**About this exercise**
Exclude the pictures, and otherwise reproduce the data in full.

**Data block**
_ _ _
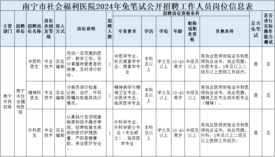1.南宁市社会福利医院2024年免笔试公开招聘工作人员岗位信息表
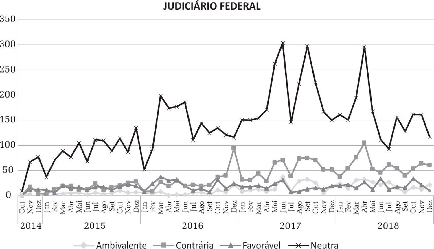 Os picos de presença nos jornais, tanto do Judiciário Federal, como do MPF, estão ligados a momentos cruciais das investigações da Lava Jato: em março de 2015, a Operação comemorava um ano de atividades; já em junho de 2016 havia o debate sobre a possível delação de membros da empreiteira OAS; e finalmente em maio de 2017, maior pico da cobertura neutra, observamos diversos movimentos da Operação como a divulgação de contradição no depoimento do ex-presidente Lula ao então juiz federal Sérgio Moro.
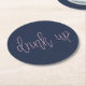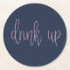 Navy blue background with blush handwritten bouncy font on a custom script "drink up"
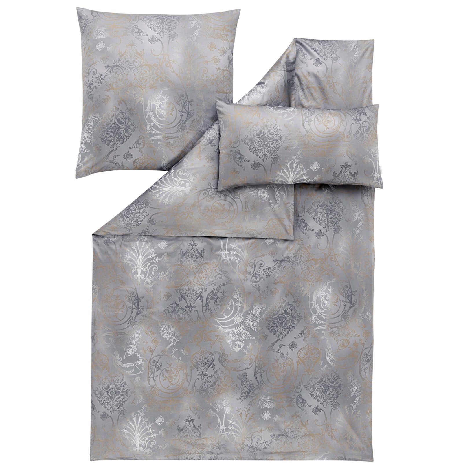 Die Bettwäsche Svizzera von Estella ist ein ganz besonderes Schmuckstück. Elegante, gold- und silberfarbene Ornamente und Verzierungen im Barock-Stil überziehen die gesamte Fläche der Garnitur und versetzt Ihr Schlafzimmer zurück in die Renaissance. Erleben Sie in der hochwertigen Premium-Satin Oberfläche aus 100 Prozent Baumwolle traumhafte Nächte und genießen Sie einen exquisiten Schlafkomfort.
_ _ _
**Solution to the exercise**
1.南宁市社会福利医院2024年免笔试公开招聘工作人员岗位信息表
 Os picos de presença nos jornais, tanto do Judiciário Federal, como do MPF, estão ligados a momentos cruciais das investigações da Lava Jato: em março de 2015, a Operação comemorava um ano de atividades; já em junho de 2016 havia o debate sobre a possível delação de membros da empreiteira OAS; e finalmente em maio de 2017, maior pico da cobertura neutra, observamos diversos movimentos da Operação como a divulgação de contradição no depoimento do ex-presidente Lula ao então juiz federal Sérgio Moro.
 Navy blue background with blush handwritten bouncy font on a custom script "drink up"
 Die Bettwäsche Svizzera von Estella ist ein ganz besonderes Schmuckstück. Elegante, gold- und silberfarbene Ornamente und Verzierungen im Barock-Stil überziehen die gesamte Fläche der Garnitur und versetzt Ihr Schlafzimmer zurück in die Renaissance. Erleben Sie in der hochwertigen Premium-Satin Oberfläche aus 100 Prozent Baumwolle traumhafte Nächte und genießen Sie einen exquisiten Schlafkomfort.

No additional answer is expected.